Problem with cudaEventQuery

I have a problem with the following code producing loads of cudaError_enum errors: Microsoft C++ exception: cudaError_enum at memory location 0x1c20fce4…

It only occurs when this line is included while(cudaEventQuery(stop2) != cudaSuccess); Ultimately I want the CPU to be doing some work in here so I cant just use cudaEventSynchonize.

What is wrong? The program will run for many repetitions without error or problem without the while loop. Yet with it included it triggers loads of errors and eventually hangs the system.

Any help would be very much appreciated.

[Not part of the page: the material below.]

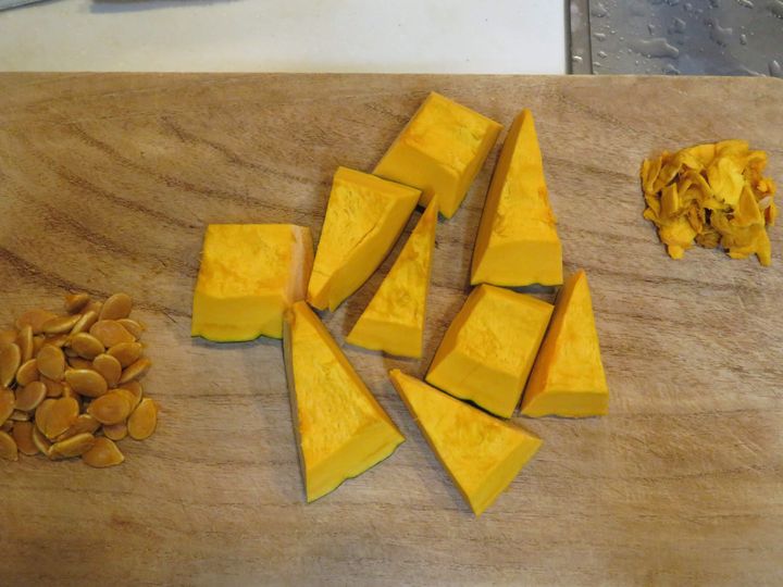 カボチャを調理する時はまず、ワタと種を取り除きます。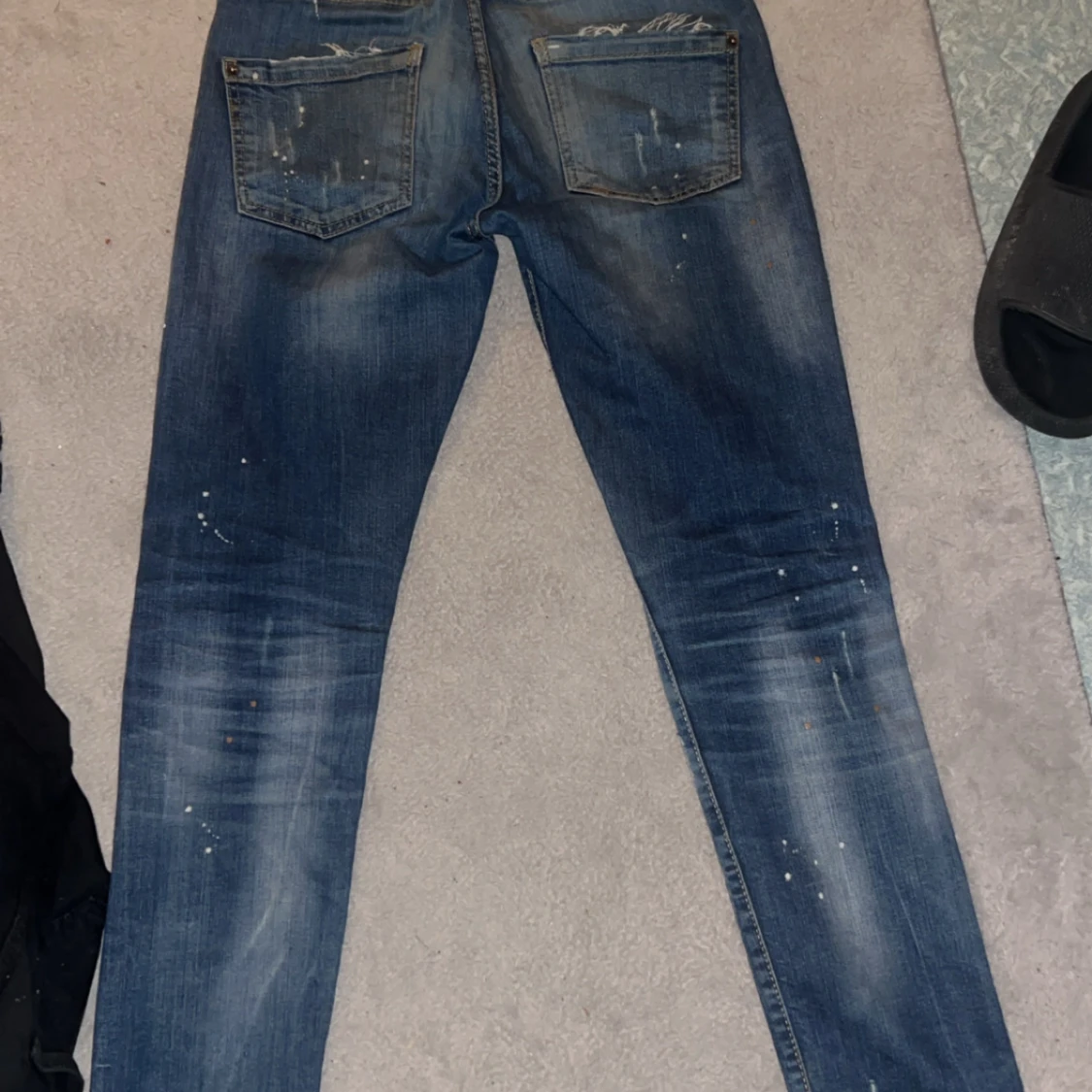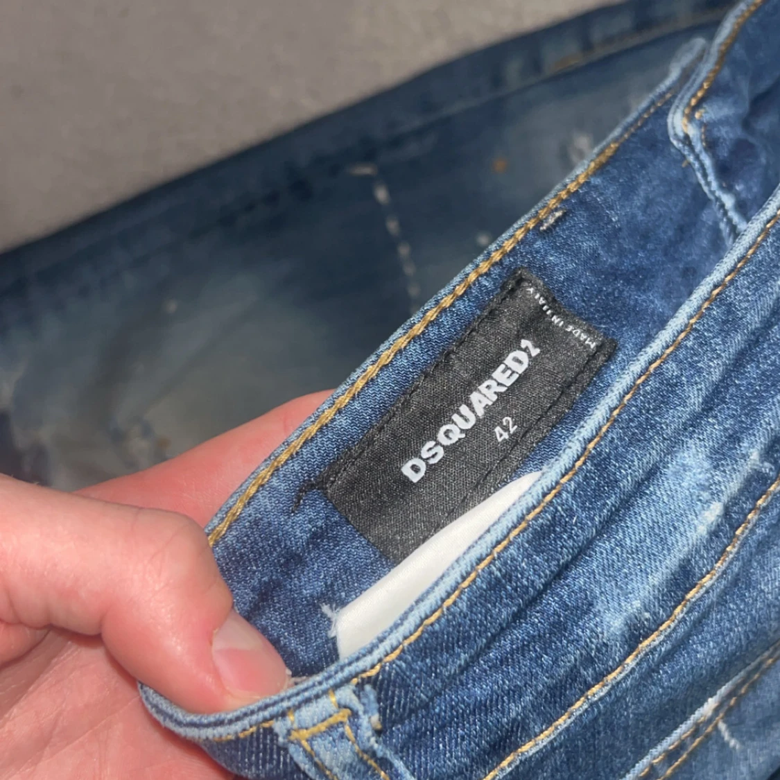Riktigt snygga blå jeans från Dsquared2 med slitningar, hål och färgstänk för en rå streetlook. Jeansen har klassisk femficksdesign, smal passform och coola detaljer som ger dem en unik vibe. Perfekta för dig som gillar statement-plagg. Pris kan diskuteras

Thanks.

cudaEvent_t start2, stop2;

			cutilSafeCall( cudaEventCreate(&start2) );

			cutilSafeCall( cudaEventCreate(&stop2)  );

			cudaEventRecord(start2, 0);

			printf("Launching threads\n");

			for (int i = 0; i < NUM_STREAMS; i++) {

				//grid,threads

				stringMatch<<< (STREAM_SIZE/128), 128, 0,stream[i]>>>( d_idata, dhash_idata, d_odata+i*STREAM_SIZE,i);

			}

			for (int i = 0; i < NUM_STREAMS; i++) {

				cudaMemcpyAsync(h_odata+i*STREAM_SIZE ,d_odata+i*STREAM_SIZE,STREAM_SIZE*sizeof(int),cudaMemcpyDeviceToHost, stream[i]);

			}

			cudaEventRecord(stop2, 0);

			while(cudaEventQuery(stop2) != cudaSuccess);